[Dataset excerpts]

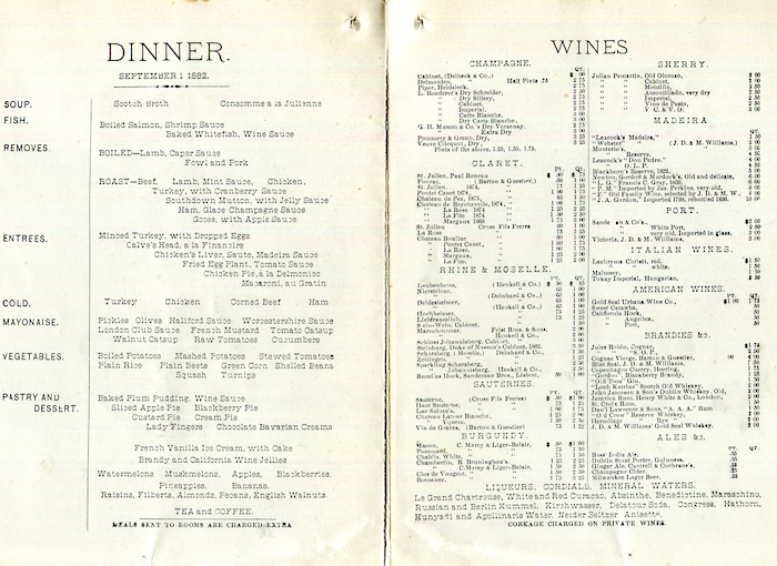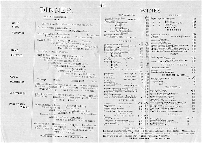 USA New Hampshire Franconia Menu Hotel Notch Profile House 1882 1 Inside
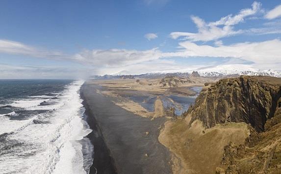 شاطئ من رمال البازلت الأسود، بالقرب من شبه جزيرة "ديرهولاي" Dyrholaey))، وهي جزيرة بركانية تكونت بفعل البراكين النشطة.
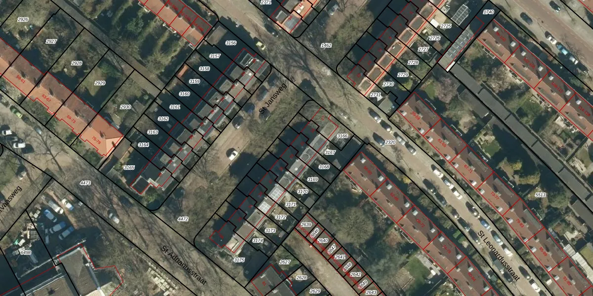 St Jansweg 21 is gelegen op kadastraal perceel STM00E3168. Deze kadastrale aanduiding is uniek en wordt gebruikt door het Kadaster om eigendomsrechten en andere zakelijke rechten vast te leggen. Het perceel maakt onderdeel uit van de kadastrale gemeente Stratum.
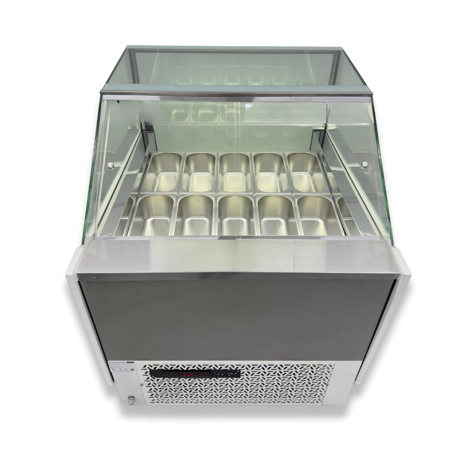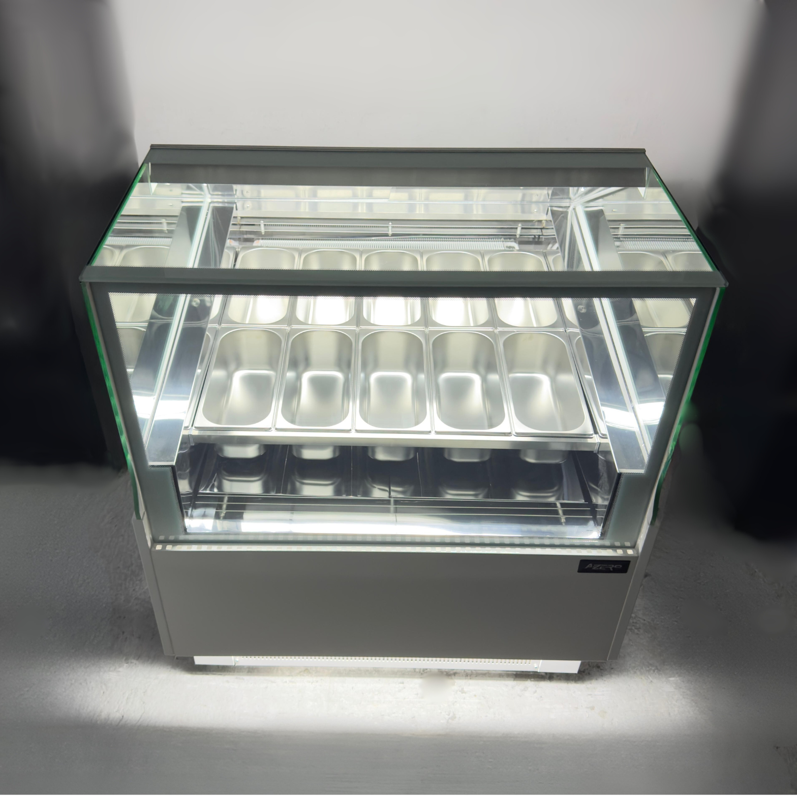 Lleva la exhibición de tus Helados o Gelato al siguiente nivel con nuestra Vitrina Expositora de Diseño Italiano, creada para ofrecer máxima visibilidad, conservación óptima y eficiencia energética. Su tecnología avanzada y materiales de alta calidad garantizan un rendimiento excepcional, resaltando cada sabor de manera irresistible.
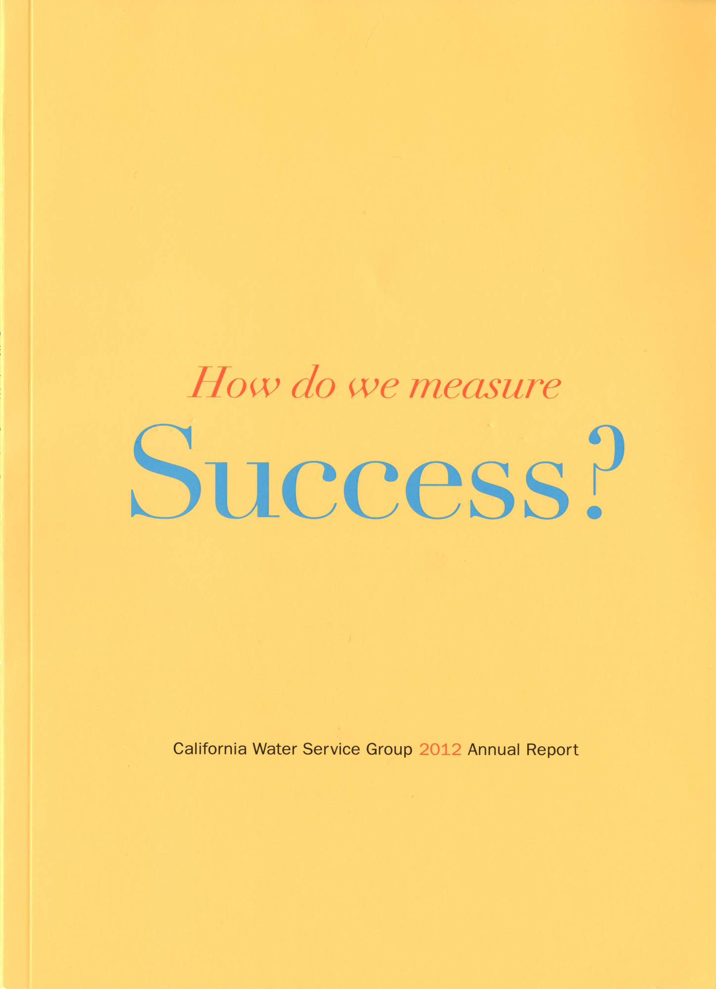 | Company Name: | California Water Service Company  | | Company Web Site: | www.calwater.com | | Annual Revenue: | $100 million - $1 billion | | Employee Base: | 100 - 1,000 Employees | | Core Industry: | Utilities — Multi/Water/Traders | | Type of Report: | Annual Report | | Title/Theme: | "How do we measure Success?" | | Industry Award Garnered: | Silver | | | | Judging Results | | First Impression: | | | Report Cover: | | | Letter to Shareholders: | | | Report Narrative: | | | Report Financials: | | | Creativity: | | | Message Clarity: | | | Information Accessibility: | | | Total Score: | |
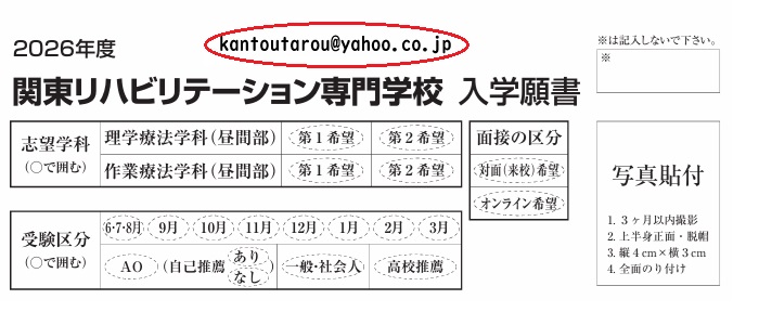 注2:入学願書の上部に確実に連絡がつけられるメールアドレスを記入
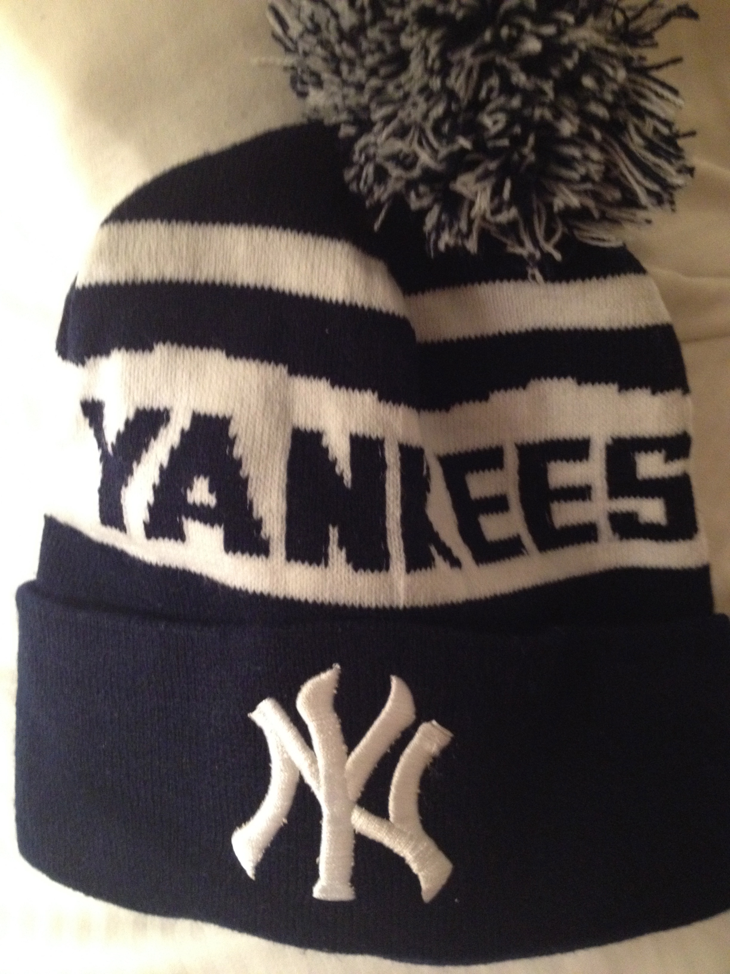 On Thursday, I was encouraged / forced to leave work at 5pm… the reason for this? I had tickets for the Yankees game that evening, and according to everyone on my desk, I had to be there by the time the game started to make the most of the experience. I began my trek to the Bronx, where the Yankee stadium is located, and, arriving at 6.30pm, was lucky enough to get this beautiful piece of headgear for free! I’m a true New Yorker now.

**TASK STATEMENT**
Without the pictures, write out every entry exactly as it appears.

**REPLY TO THE EXERCISE**
 USA New Hampshire Franconia Menu Hotel Notch Profile House 1882 1 Inside
 شاطئ من رمال البازلت الأسود، بالقرب من شبه جزيرة "ديرهولاي" Dyrholaey))، وهي جزيرة بركانية تكونت بفعل البراكين النشطة.
 St Jansweg 21 is gelegen op kadastraal perceel STM00E3168. Deze kadastrale aanduiding is uniek en wordt gebruikt door het Kadaster om eigendomsrechten en andere zakelijke rechten vast te leggen. Het perceel maakt onderdeel uit van de kadastrale gemeente Stratum.
 Lleva la exhibición de tus Helados o Gelato al siguiente nivel con nuestra Vitrina Expositora de Diseño Italiano, creada para ofrecer máxima visibilidad, conservación óptima y eficiencia energética. Su tecnología avanzada y materiales de alta calidad garantizan un rendimiento excepcional, resaltando cada sabor de manera irresistible.
 | Company Name: | California Water Service Company  | | Company Web Site: | www.calwater.com | | Annual Revenue: | $100 million - $1 billion | | Employee Base: | 100 - 1,000 Employees | | Core Industry: | Utilities — Multi/Water/Traders | | Type of Report: | Annual Report | | Title/Theme: | "How do we measure Success?" | | Industry Award Garnered: | Silver | | | | Judging Results | | First Impression: | | | Report Cover: | | | Letter to Shareholders: | | | Report Narrative: | | | Report Financials: | | | Creativity: | | | Message Clarity: | | | Information Accessibility: | | | Total Score: | |
 注2:入学願書の上部に確実に連絡がつけられるメールアドレスを記入
 On Thursday, I was encouraged / forced to leave work at 5pm… the reason for this? I had tickets for the Yankees game that evening, and according to everyone on my desk, I had to be there by the time the game started to make the most of the experience. I began my trek to the Bronx, where the Yankee stadium is located, and, arriving at 6.30pm, was lucky enough to get this beautiful piece of headgear for free! I’m a true New Yorker now.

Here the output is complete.